1, bachelor degree or above in computer, statistics, mathematics and other related majors;
2. Have profound knowledge of statistics and data mining, be familiar with related technologies of data warehouse and data mining, and be able to skillfully use SQL;;
3. More than three years working experience in mass data mining and analysis related projects, and participated in relatively complete data collection, collation, analysis and modeling;
4. Sensitive to business and business logic, familiar with the background of traditional industry data mining, understanding the market characteristics and user needs, background in Internet-related industries, and experience in website user behavior research and text mining are preferred;
5. Have good logical analysis skills, organizational communication skills and team spirit;
6. Innovative, enthusiastic and willing to accept challenges.

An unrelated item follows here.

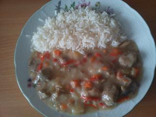 a dnes Krůtí prsa v paprikové omáčce s těstovinami.

1, rigorous and responsible attitude
Rigorous and responsible is one of the essential qualities of data analysts. Only with a rigorous and responsible attitude can the data be objective and accurate. In the enterprise, the data analyst can be said to be the doctor of the enterprise. They find the crux and problems for enterprises through the analysis of enterprise operation data. A qualified data analyst should have a rigorous and responsible attitude, maintain a neutral position, objectively evaluate the problems existing in the process of enterprise development, and provide effective reference for decision makers; We should not be influenced by other factors to change the data and conceal the problems existing in the enterprise, which is very unfavorable to the development of the enterprise and may even cause serious consequences. And for the data analyst himself, the future is ruined, and the data analysis results made from now on will be questioned, because you are no longer a trustworthy person and have lost trust in front of colleagues, leaders and customers. Therefore, as a data analyst, we must hold a rigorous and responsible attitude, which is also the most basic professional ethics.
2. Strong curiosity
Everyone has curiosity, but as a data analyst, this curiosity should be stronger, and we should actively discover and dig the truth hidden in the data. In the minds of data analysts, there should be countless "why", why it is such a result, why it is not such a result, what is the reason for this result, why the result is not as expected, and so on. This series of questions should be put forward in data analysis, and through data analysis, give yourself a satisfactory answer. The better the data analyst, the harder it is to satisfy his curiosity. After answering a question, he will throw a new question and continue his research. Only in this spirit can we be sensitive to the data and conclusions, and then follow the traces to discover the truth behind the data.
3. Clear logical thinking
In addition to a curiosity to explore the truth, data analysts also need to have meticulous thinking and clear logical reasoning ability. I remember a master said: structure is king. What is structure? Structure is what we often call logic. No matter what you say or write, you must be organized and purposeful, and you can't grab your eyebrows and beard, regardless of priorities.
Usually, the business problems we face when we are engaged in data analysis are complex. We should consider the complicated causes, analyze all kinds of complicated environmental factors we are facing, and choose the best direction among several development possibilities. This requires us to have enough knowledge of the facts, and at the same time, we need to really sort out the overall and local structures of the problem, and after in-depth thinking, sort out the logical relationship between the structures. Only in this way can we truly find the answers to business problems objectively and scientifically.
4. Be good at imitation
When doing data analysis, it is important to have your own ideas, but it is also very necessary to learn from the past, which can help data analysts grow rapidly. Therefore, imitation is an effective way to improve academic performance quickly. Imitation here mainly refers to other people's excellent analytical ideas and methods, rather than directly "copying". Successful imitation needs to understand the essence of other people's methods, understand their analytical principles and touch the essence through the surface. We should be good at turning these essences into our own knowledge, otherwise we can only "imitate all the time and never surpass them".
5. Be brave in innovation
We can learn from other people's successful experience through imitation, but the imitation time should not be too long. It is suggested that after each imitation, we should sum up and propose improvements and even innovations. Innovation is the spirit that an excellent data analyst should possess. Only by continuous innovation can we improve our analytical level, let ourselves analyze problems from a higher angle, and bring more value to the whole research field and even society. The current analytical methods and research topics are ever-changing, and it is impossible to solve new problems well by sticking to the rules.